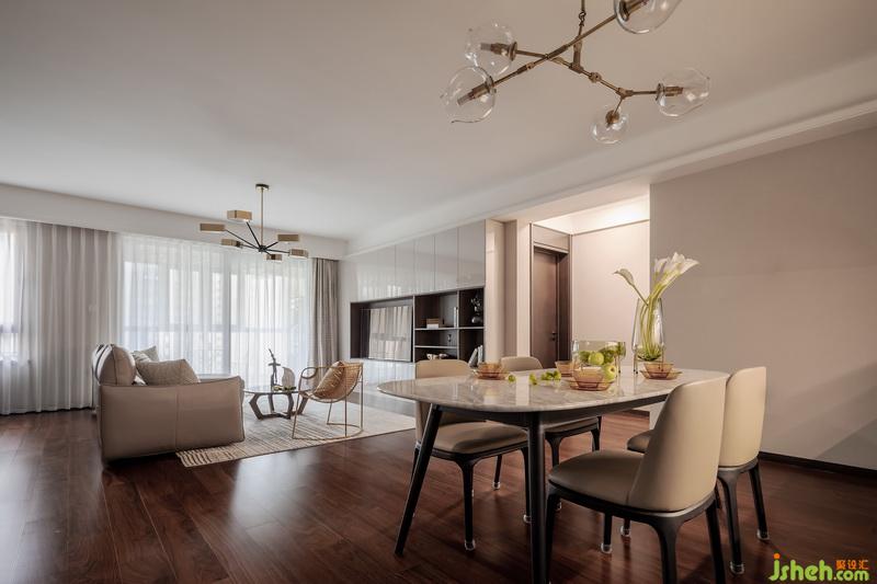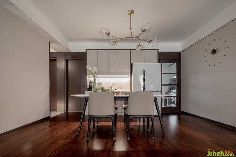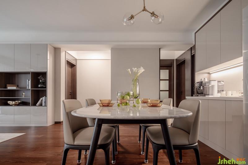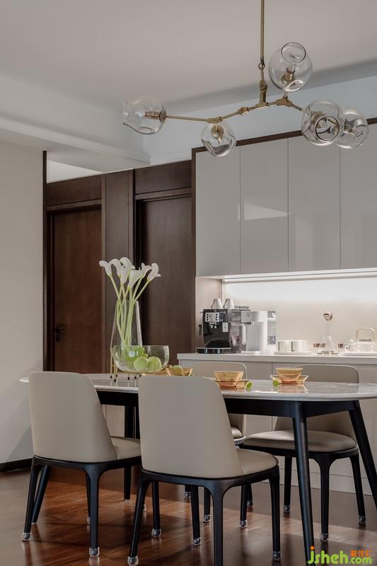根据功能需要设计师将橱柜设立为上下两层,上柜的高度使得顶端与天花板之间产生“留白”的效果,减少其压迫感。
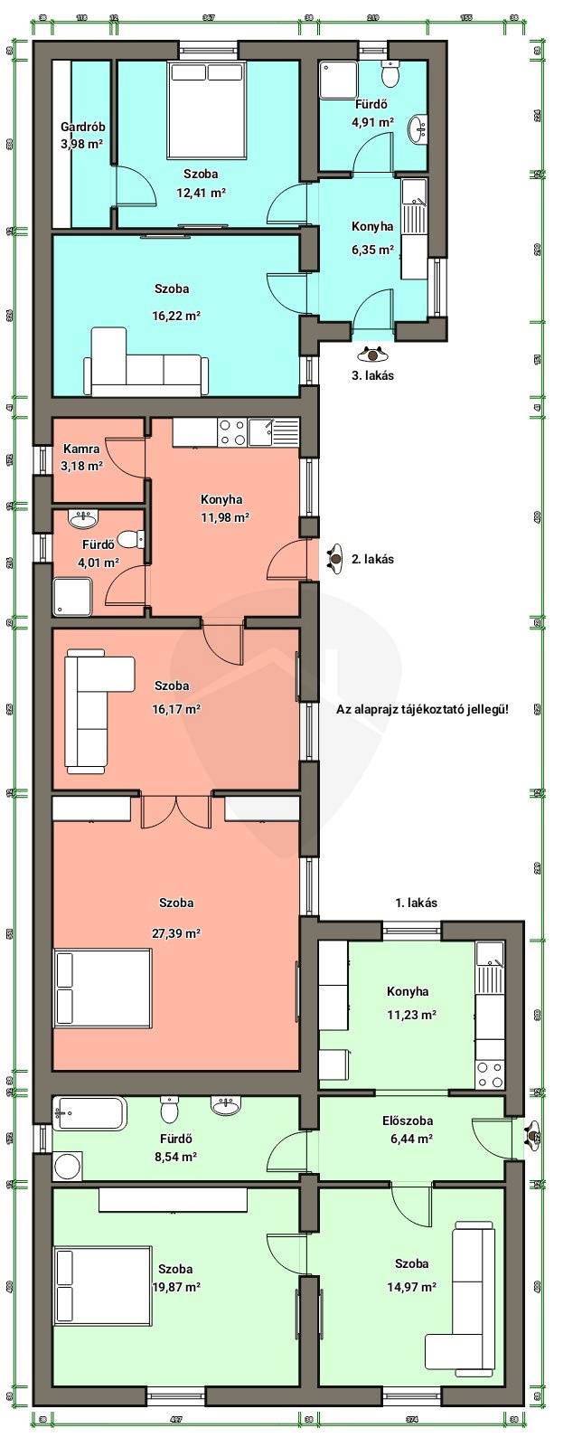 BEFEKTETŐK FIGYELEM!!! *** 2 db lakás vételáráért cserébe 3 db LAKÁST KAP! *** Hatvan város KÖZPONTJÁBAN eladó egy saját 454 m2-es telken elhelyezkedő, 3 db külön helyrajzi számon nyilvántartott lakás, amelyek alapterülete összesen nettó 151m2. Az ingatlanok megvásárlása kizárólag egyben lehetséges a telekkel együtt. A teljes közmű hálózat be van vezetve az ingatlanokba. Az épület külső állapota felújítása került, illetve a 2. lakás szintén teljeskörű felújításon esett át! Az udvarban található minden lakáshoz külön tároló is.1. Lakás 51 m2 - Átlagos állapotú, utca fronti kilátással rendelkezik. (2szoba, előszoba, fürdő, konyha helyiségekből áll)2. Lakás 59m2 - Felújított állapotú, belső udvarra néznek az ablakai. (2szoba, fürdő, konyha, kamra helyiségekből áll) - Gépészet, burkolatok, fürdőszoba, minden új3. Lakás 41m2 - Felújítandó állapotú, belső udvarra néznek az ablakai. (2szoba, fürdő, konyha, kamra helyiségekből áll)Hosszú távon JÖVEDELMEZŐ és ÉRTÉKÁLLÓ BEFEKTETÉSNEK számít, köszönhetően a központi elhelyezkedésnek, illetve a 3 db külön bejáratú lakásnak, amelyek könnyen bérbe adhatóak ezáltal! Becsült bérleti díj egy évre kb. 5-6 millió Ft között várható. 3. lakás felújítási költségét is beleszámolva kb. 7-8% hozamnak felel meg!További információért hívjon bizalommal!
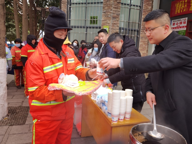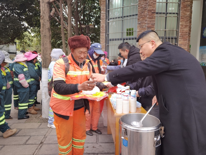据介绍,连日来昆明市迎来大幅降温,环卫工人每天从早到晚坚守在自己的工作岗位上,为这座城市的环境卫生贡献着自己的一份力量。为给广大寒冬中辛苦作业的城市美容师提供更好的服务保障和关怀,官渡区城管局组织开展了“情暖冬日、爱心传递”环卫工作者“五个一”服务关爱活动。活动主要依托环卫爱心驿站,为辖区环卫工人免费提供“一套爱心早餐、一杯暖心姜汤、一份防尘口罩、一双防寒手套、一件防湿雨衣。
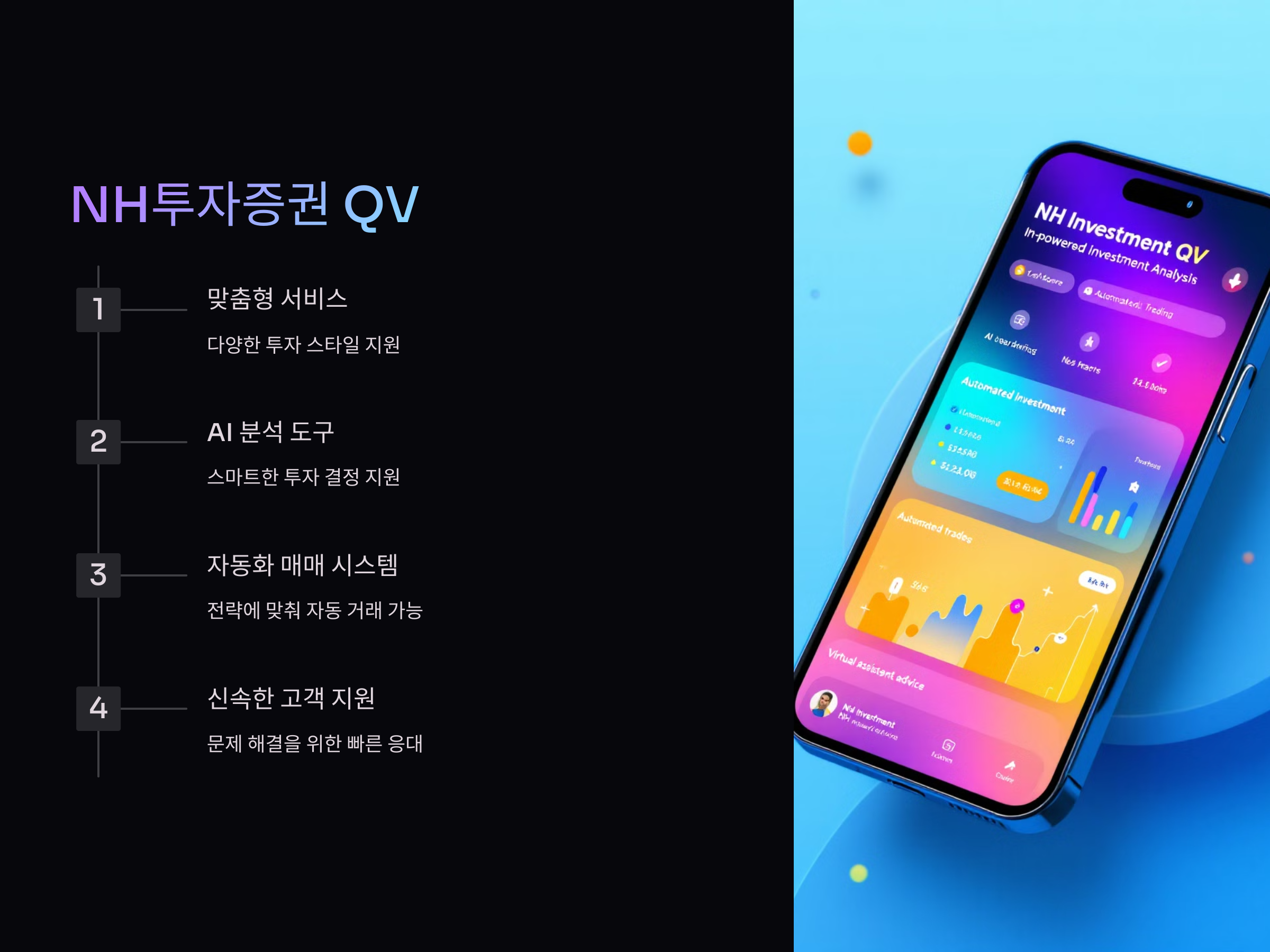 NH투자증권의 QV 어플은 투자자들이 가장 신뢰하는 어플 중 하나입니다. 초보자부터 전문가까지 다양한 투자 스타일을 지원하며, 모바일에서 제공되는 리서치와 AI 분석 도구가 특징입니다. 또한, 자동화된 매매 시스템을 통해 투자자들이 자신의 전략에 맞춰 자동으로 매매를 진행할 수 있습니다.
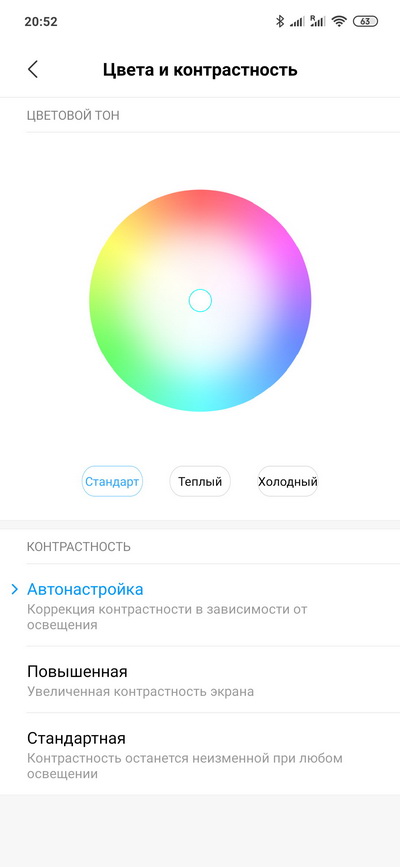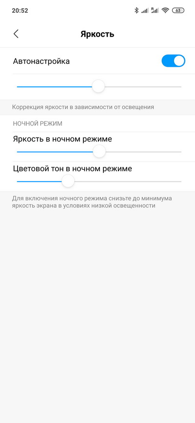 Есть отдельная настройка яркости и цветового тона для ночного режима.
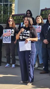 SELA Collaborative Director Wilma Franco speaking at the press conference. (By Jacqueline García)
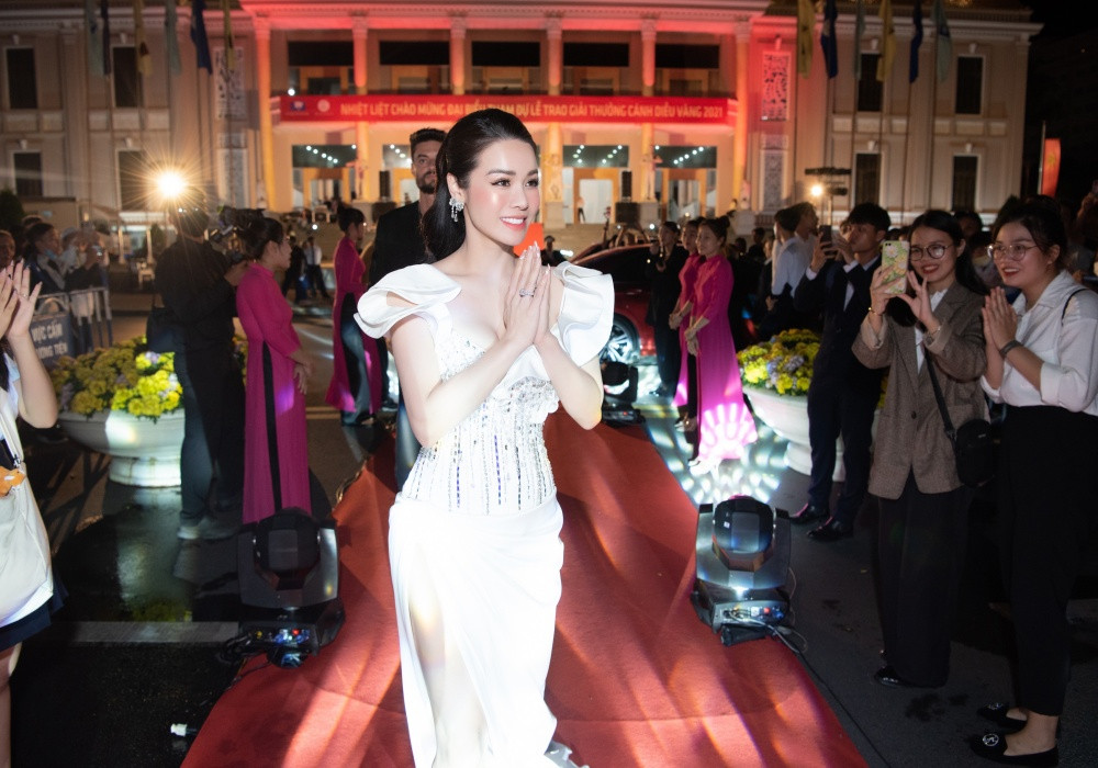 Xuất hiện trong sự kiện trao giải Cánh Diều tối 13/9, Nhật Kim Anh thu hút sự chú ý với bộ váy trắng trễ vai, đính đá với những đường cắt xẻ gợi cảm. Cô có mặt từ sớm trên thảm đỏ để giao lưu khán giả, truyền thông.
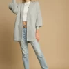 Umgee Full Size Wool Blend Open Front Lantern Sleeve Cardigan Plus Size – Light Gray
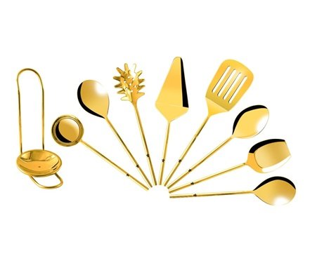 Premium Gold Kitchen Utensils Set featuring 9 handcrafted, food-grade stainless steel tools with an 8 mm forged thickness for durability, rust resistance, and long-lasting performance. Includes a clean, heat-safe spoon rest to keep countertops protected. Fully food-safe, non-toxic, and dishwasher safe for easy care. Part of the Turtle Collection, inspired by nature to symbolize longevity and elegance, with a luxurious gold-plated finish. Beautifully packaged in sustainable materials, making it an ideal gift for holidays, weddings, anniversaries, housewarmings, and special celebrations.
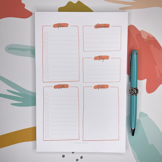 Productivity Planner Pad • 8.5" x 5.5" • 50 sheets • Coral
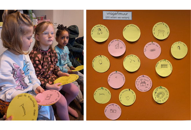 Om de onderwerpen, interesses en kwesties die de kinderen bezighouden te ‘vangen’ in vragen is een vragenmuur of vragenwand een goede optie. Zo krijgen de vragen van de kinderen een duidelijke plek in het geheel en is het mogelijk om inhoudelijk verder in te gaan op onderwerpen waarover de kinderen zich verwonderen (betekenisgeving). Wardekker (2021) zegt hierover: ‘Verwonderen is het begin en verbeelden is de motor.’ Professionals kunnen helpen om de stap naar verbeelding te maken (de verbeelding stimuleren).
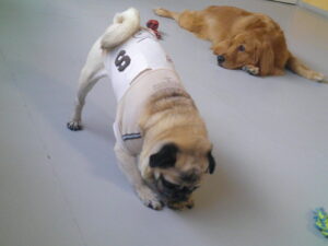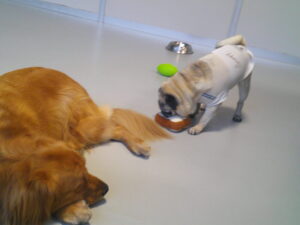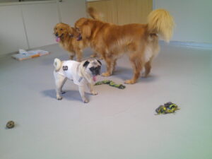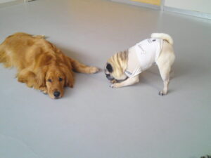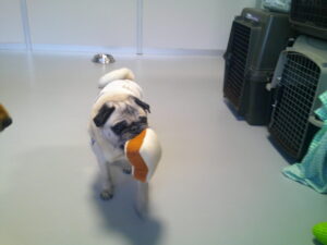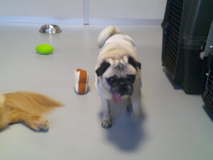 パグのマロニーちゃん、大好きなデンタルボールやフワフワしたパンのおもちゃを 嚙んだり追いかけたりと夢中(^^♪ いつもマイペースです♪ マロニーちゃん、ひとしきり遊んでから、『あ~、ルーナナヌーと一緒に居たっけ!』

* **What is being asked**
Would you output the lines above from the line holding "SELA Collaborative Director" up to and including the line holding "Umgee Full Size", exactly and only those, with no pictures?

* **Solution to the problem**
 SELA Collaborative Director Wilma Franco speaking at the press conference. (By Jacqueline García)
 Xuất hiện trong sự kiện trao giải Cánh Diều tối 13/9, Nhật Kim Anh thu hút sự chú ý với bộ váy trắng trễ vai, đính đá với những đường cắt xẻ gợi cảm. Cô có mặt từ sớm trên thảm đỏ để giao lưu khán giả, truyền thông.
 Umgee Full Size Wool Blend Open Front Lantern Sleeve Cardigan Plus Size – Light Gray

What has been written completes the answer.